Nursing associates administering drugs and IVs
Watch the recording of this webinar and hear how employers are enabling their qualified nursing associate colleagues to administer drugs and intravenous (IVs).
This is an opportunity to hear employers share their successes of using the role and the second in our series of webinars celebrating how nursing associates have contributed to the NHS workforce supply.
Speakers
- Wendy Fowler, Nursing Education Adviser at the Nursing and Midwifery Council, provided an introduction to medicine management guidance and how qualified nursing associate colleagues can scale up to do this.
- Lyndsay Murden, Lead Nurse at Leeds Teaching Hospitals NHS Trust, discussed how their trust has implemented qualified nursing associates administering drugs and IVs.
- Julie Bruce-Watt and Maria Smith, job share the role of Head of Professional Education at Gloucestershire Hospitals NHS Foundation Trust shared the work they are doing within their trust to explore the need for nursing associates to do IV administration and how they plan to implement it.
Download a copy of the slides and watch the recording of the webinar below.
Answers to the questions asked as part of the webinar
Wendy's answers
Lyndsay's answers
Julie and Maria's answers
2023 Update
We spoke to Gloucestershire Hospitals NHS Foundation Trust in July 2023, to understand how they have developed their nursing associate recruitment since 2021, and how they are supporting them to administer IVs.
Gloucestershire Hospitals NHS Foundation Trust continue to work with their local provider, the University of Gloucestershire, to recruit and train nursing associates (NAs). They have expanded the programme to cohorts of around 35 to 40 candidates twice per year. There is huge demand for places, with the January 2023 cohort receiving 115 applicants. They have since opened the programme externally. For external candidates, enthusiasm and a strong understanding of the NA role is vital. The trust now has NAs in most clinical areas across all their acute sites, apart from oncology and maternity.
NAs continue to move onto the registered nurse degree apprenticeship (RNDA), which they fund internally as the Health Education England (Now NHS England) funding has been paused. They proactively contact all eligible NAs inviting them to express their interest in the RNDA. However, uptake has been lower than expected for several reasons, including candidates independently starting a Nursing BSc, not feeling they have spent enough time in the NA role or conflicting family priorities.

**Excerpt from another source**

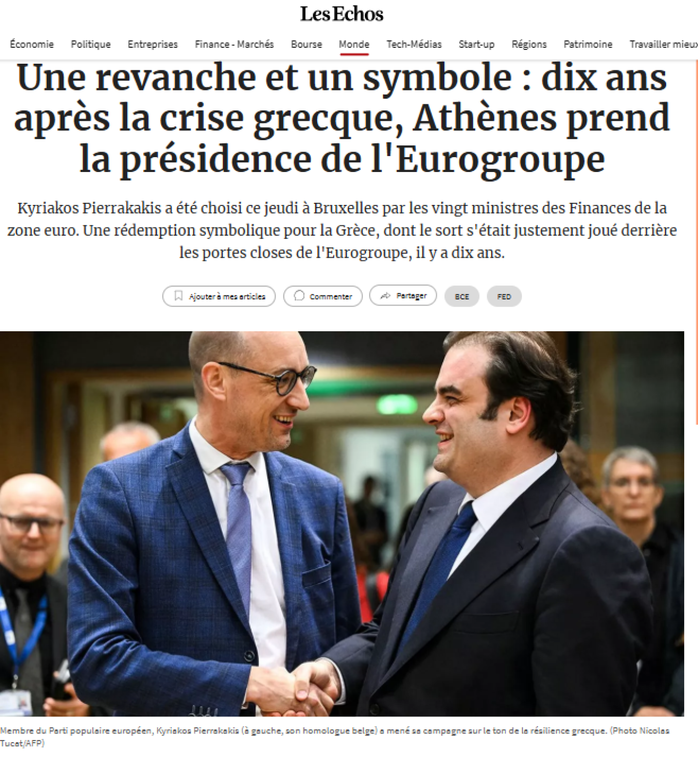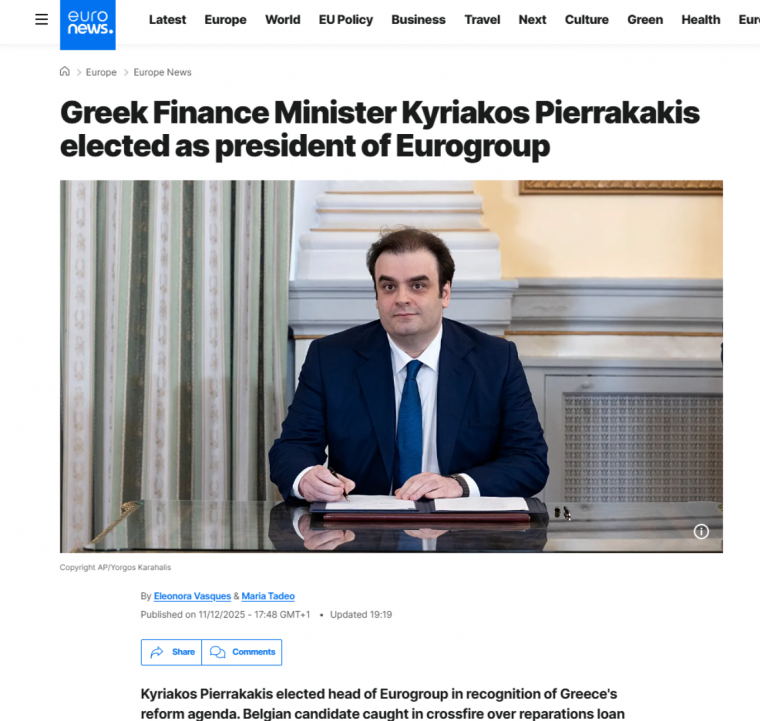 Μια δεκαετία μετά την κορύφωση της οικονομικής κρίσης που απείλησε τη θέση της χώρας στον ευρωπαϊκό πυρήνα, η Ελλάδα καταγράφει μια ιστορική επιστροφή. «Δέκα χρόνια μετά την παραλίγο αποβολή της από την ευρωζώνη, η Ελλάδα παίρνει την εκδίκησή της: ο υπουργός Οικονομικών της, Κυριάκος Πιερρακάκης, εξελέγη την Πέμπτη από τους ομολόγους του ως επικεφαλής του οργάνου που τη διοικεί, της Ευρωομάδας», αναφέρει χαρακτηριστικά η Le Monde. Η γαλλική εφημερίδα ξεκινά την κάλυψη της είδησης μεταφέροντας παράλληλα το μήνυμα του πρωθυπουργού, Κυριάκου Μητσοτάκη, ο οποίος έκανε λόγο για «την πιο λαμπρή αναγνώριση της θετικής πορείας της πατρίδας μας» και για μια ημέρα υπερηφάνειας τόσο για την κυβέρνηση όσο και για τους πολίτες.

NAs gave feedback about how not being able to administer IVs is preventing them from offering best patient care. So, the trust is developing IV training for NAs at a considered pace, to ensure they have stayed abreast of legal requirements and good practice across the system. A six-week trial starts across four clinical areas in July 2023, with results being fed into the Nursing & Midwifery group with the expectation that in due course this can be expanded across the trust. If administration of IV’s introduced, it will be proposed that all new NAs will do IV training with the nursing and midwifery cohorts. For current members of staff there is a discussion ongoing for an opt-in process, with the hope that the positive impact for apprenticeship cohorts will impact on the wider workforce.
To ensure that the NAs have a good theoretical training the trust looked at the current learning materials offered by University of Gloucestershire which showed that the NA apprentices had a basic grounding in IV administering, which they then supplemented with content from their adult nursing training. The NAs are supported in this journey by being on a preceptorship programme with allied health professionals and nurses, which helps break down barriers and builds relationships within a multidisciplinary team.